Last May, Dr. Charles Denham of TMIT brought Eric Cropp and I together for the very first time for an interview, since my daughter Emily’s tragic death. Emily died from a medication error that occurred only days after her second birthday in 2006. Shortly after establishing The Emily Jerry Foundation in 2009, I had explained to a number of people, including Dr. Denham, how and why I felt so strongly about publicly forgiving Eric for the death of my beautiful little girl Emily. Many people simply thought I had completely lost my mind and could not comprehend or understand why, as Emily’s father, I would ever want to take such a drastic step.

Dr. Denham has produced other very successful patient safety documentaries like “Chasing Zero”, narrated by Dennis Quaid. After discussing this particular issue of “forgiveness” at great length with him over the phone in 2010, he called me at the beginning of 2011, and proposed getting Eric and I together for what he referred to as a “healing moment”. This life changing interview will be featured in “Surfing the Healthcare Tsunami: Bring Your Best Board”. I will be attending the documentary premiere in Washington DC at the National Press Club next Friday April 27th. This film then airs for the first time the next morning on the Discovery Channel April 28th. It will also be aired May 5th, May 12th, and May 19th at 8:00 AM local time, however check listings in your time zone as some carriers vary in broadcast regions. You can read more about the premiere by visiting the SafetyLeaders.org website by clicking here.
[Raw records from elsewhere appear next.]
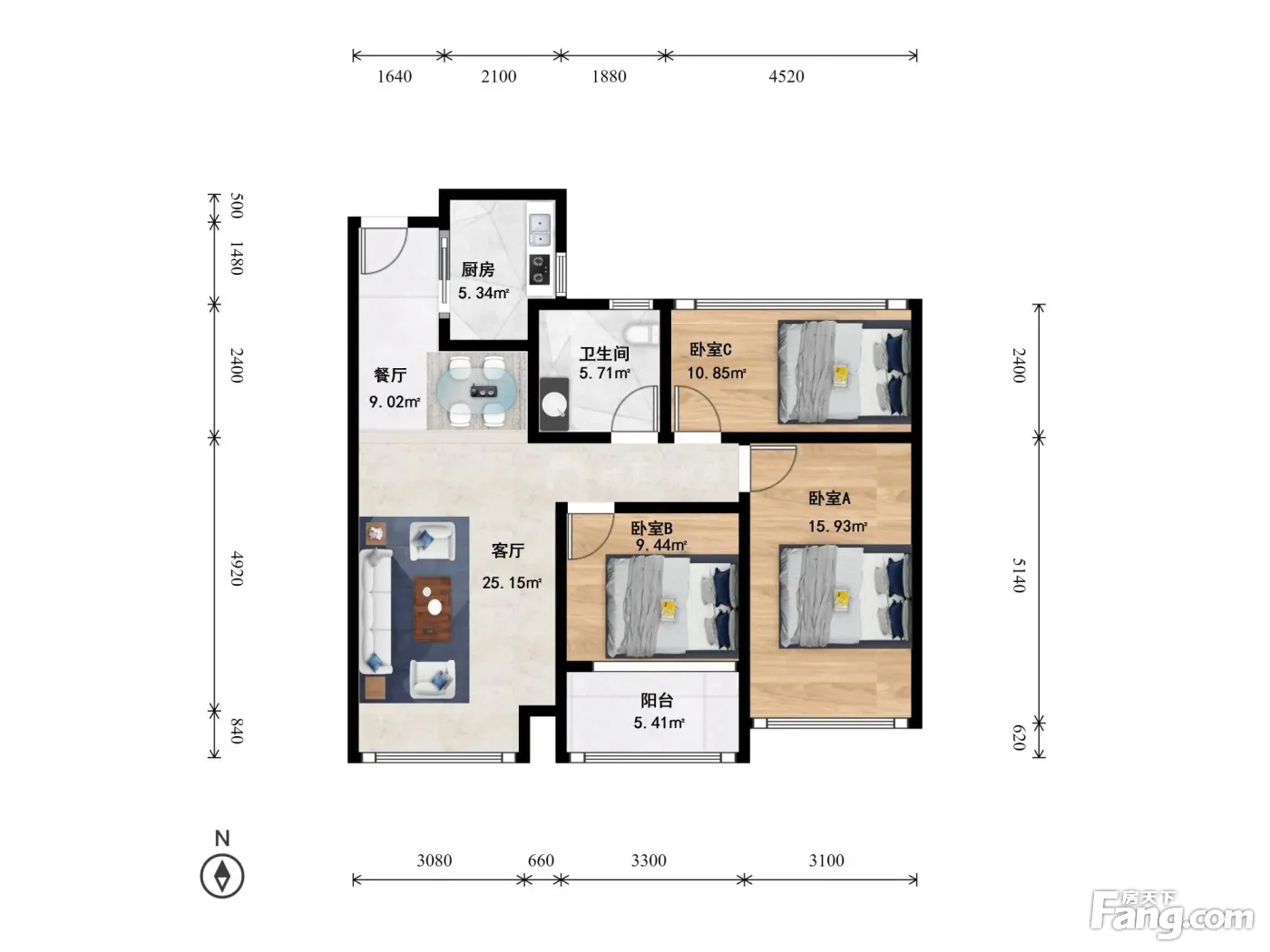 户型齐全,主打户型方正,明卫,明厨,客厅朝南,主卧朝南三居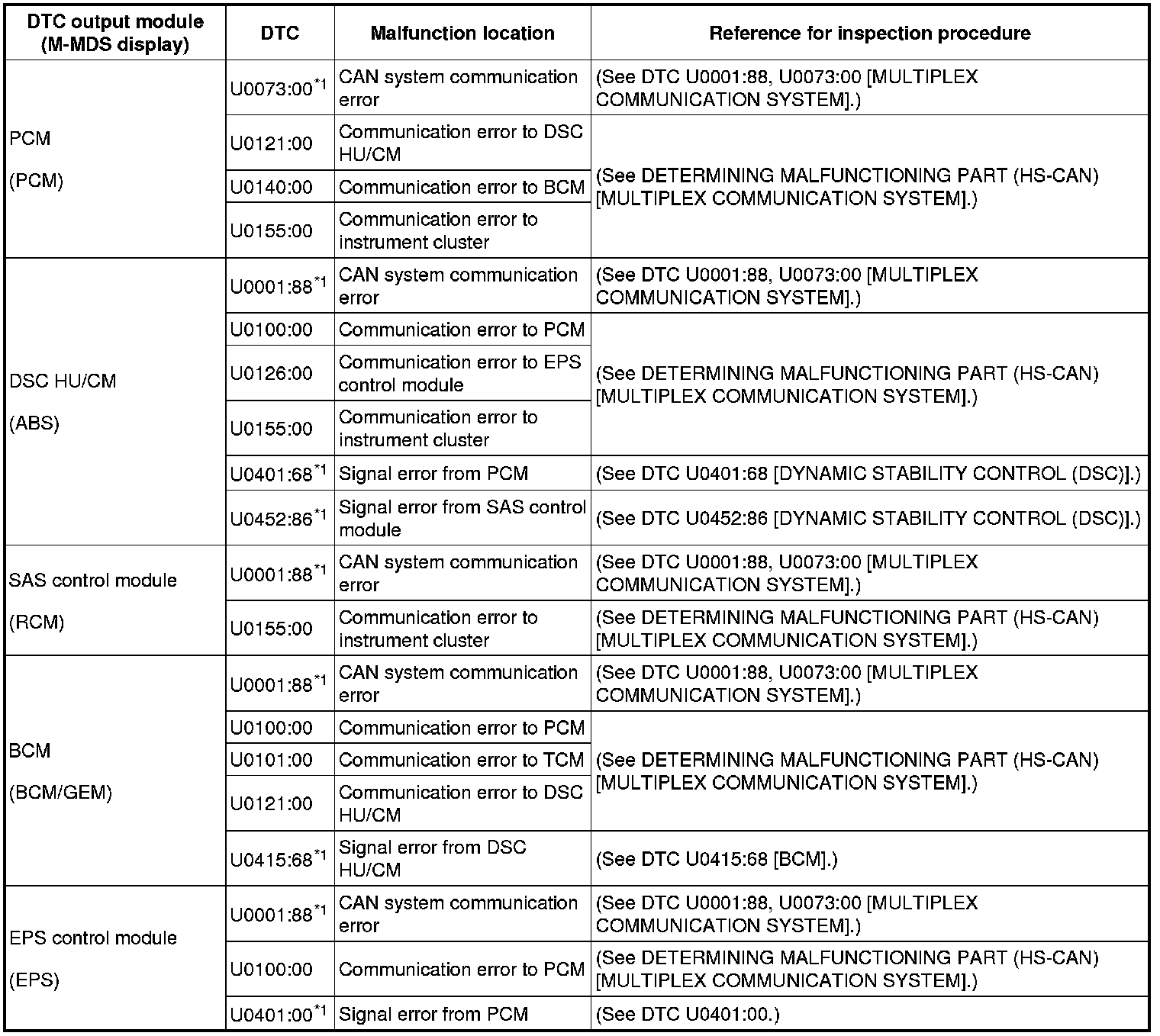 DTC TABLE [MULTIPLEX COMMUNICATION SYSTEM]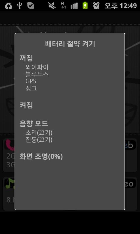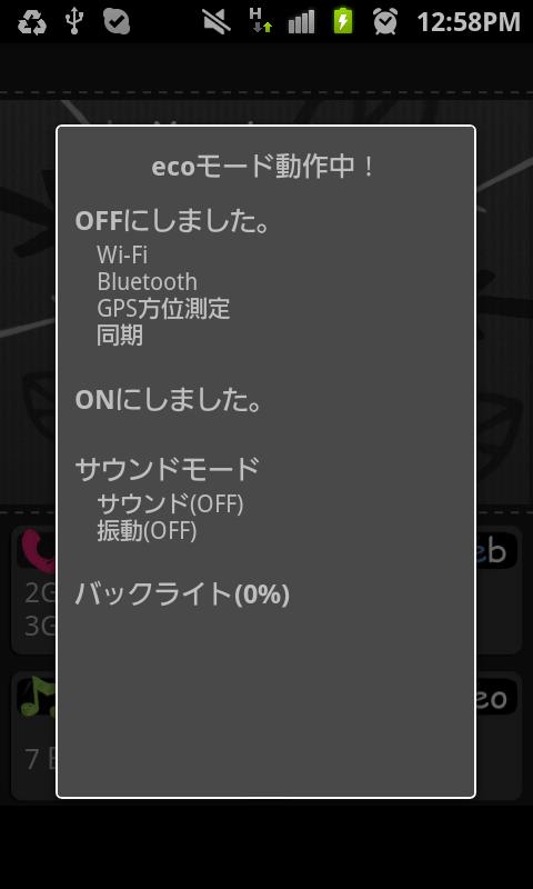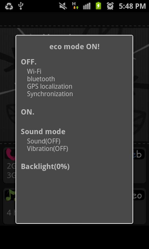 In eco mode, Wi-Fi, Bluetooth, GPS, backlight, sound mode, vibration mode and synchronization will all be OFF. This can easily reduce battery consumption. (You can customize your own OFF menu!)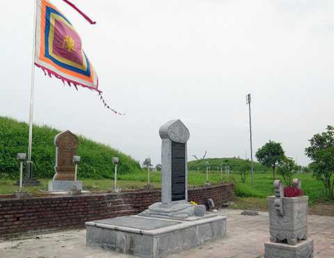 | Chiều ngày 14/5, trước một gò mộ vua Trần, một tấm bia đá và một tấm bia đá ốp đồng vẫn 'án binh bất động' |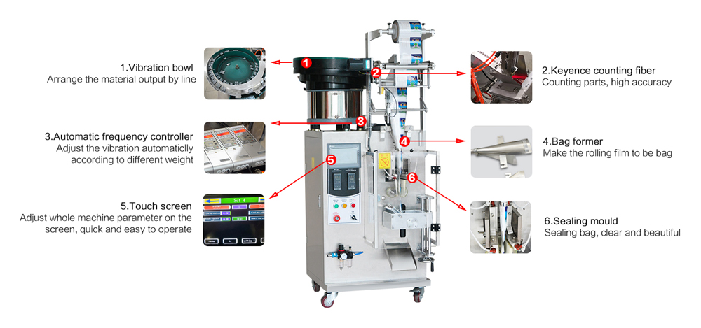 Упаковочная машина MK-LS1 с одним подающим вибролотком и функцией расчета количества упаковок идеально подходит для фасовки и упаковки крепежа и метизов, пластмассовых деталей, электроприборов и т.д. Автоматически осуществляет фасовку, дозирование, формовку упаковки, спайку швов, резку, расчет, печать и транспортировку готовой продукции. Если вам требуются упаковочные машины с особыми характеристиками, пожалуйста, свяжитесь с нами.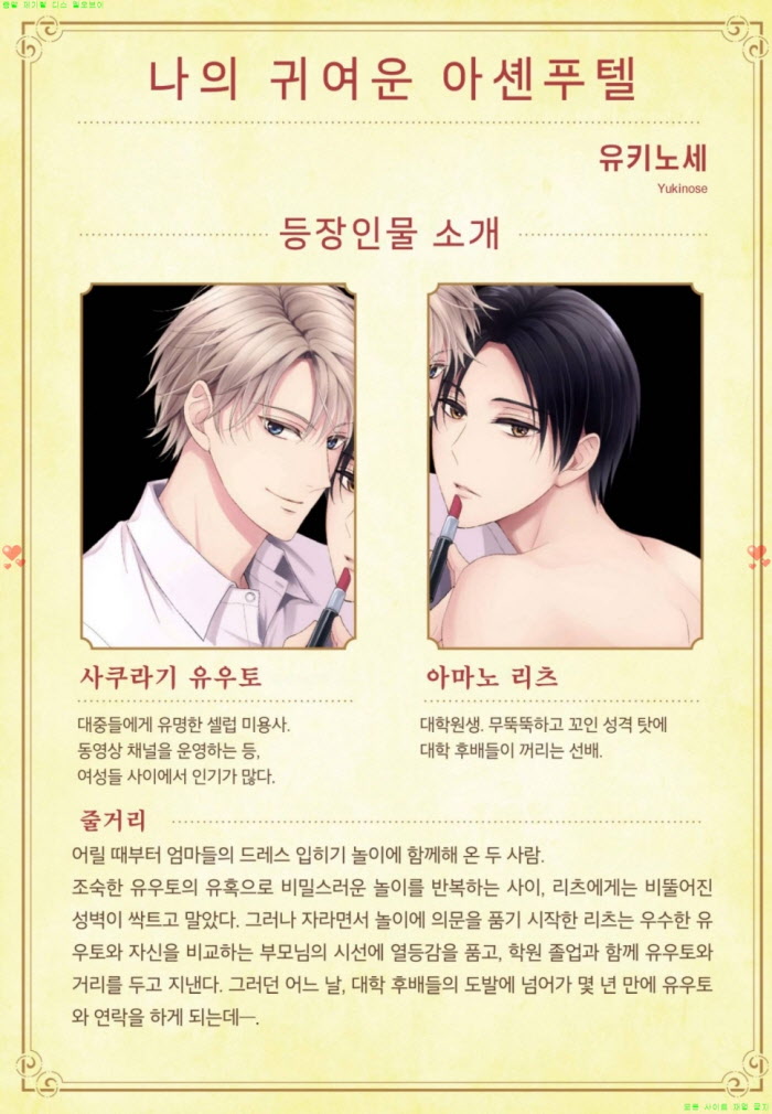 만화 만화 [BL만화] 유키노세 - 나의 귀여운 아셴푸텔 08.05 디스사랑 2026.04.25 4,743 427 다운로드 추천 427 북마크 공유 다운로드 파일 · 1개 [BL만화] 유키노세 - 나의 귀여운 아셴푸텔 FILE 118.8M 다운로드 TAGS #BL만화 #유키노세 #나의 #귀여운 #아셴푸텔

The primary rationale for wanting to forgive Eric publicly for Emily’s death was simply due to the fact that, at no time did I ever feel he had any malice towards my daughter. Nor do I believe he ever meant my beautiful daughter any harm whatsoever. In fact, I have never felt that any one individual was responsible. It has always been quite the contrary. To this day, I truly believe that my little girl died as a result of two primary reasons. The first was due to a number of inherent systemic flaws that had existed in the pharmacy workflow that day that ultimately led up to the horrible error being made that tragically took my Emily’s life. Secondly, I truly believe that the Ohio State Pharmacy Board, at that time, should have really been held culpable in Emily’s death. The reason I say this is due to the simple fact that it was determined that a pharmacy technician had actually made the fatal error that had killed Emily. After the incident, the pharmacy technician had mentioned that she never really knew that highly concentrated sodium chloride (salt) could actually kill people. With that in mind, I have always asked myself why the Ohio State Pharmacy Board at that time, had absolutely no training requirements, licensing requirements, or oversight of pharmacy technicians in the state of Ohio? To make matters worse, they had to know that pharmacy technicians were being used on a daily basis at all of Ohio’s medical facilities to routinely compound IV medications going directly into patient’s circulatory systems. With that being said, I believe the Ohio State Pharmacy Board was really not doing their primary job, which was to protect the residents of their state from unsafe pharmacy practices. Bottom line, as Emily’s father, had I known that there would have been a very high likelihood, or probability, that a pharmacy technician who had little, to no, training would have been compounding my daughter’s IV medications, I never would have allowed it to happen. I would have insisted that only a registered pharmacist, with years and years of training, prepare all of Emily’s IV medications during the course of her treatment.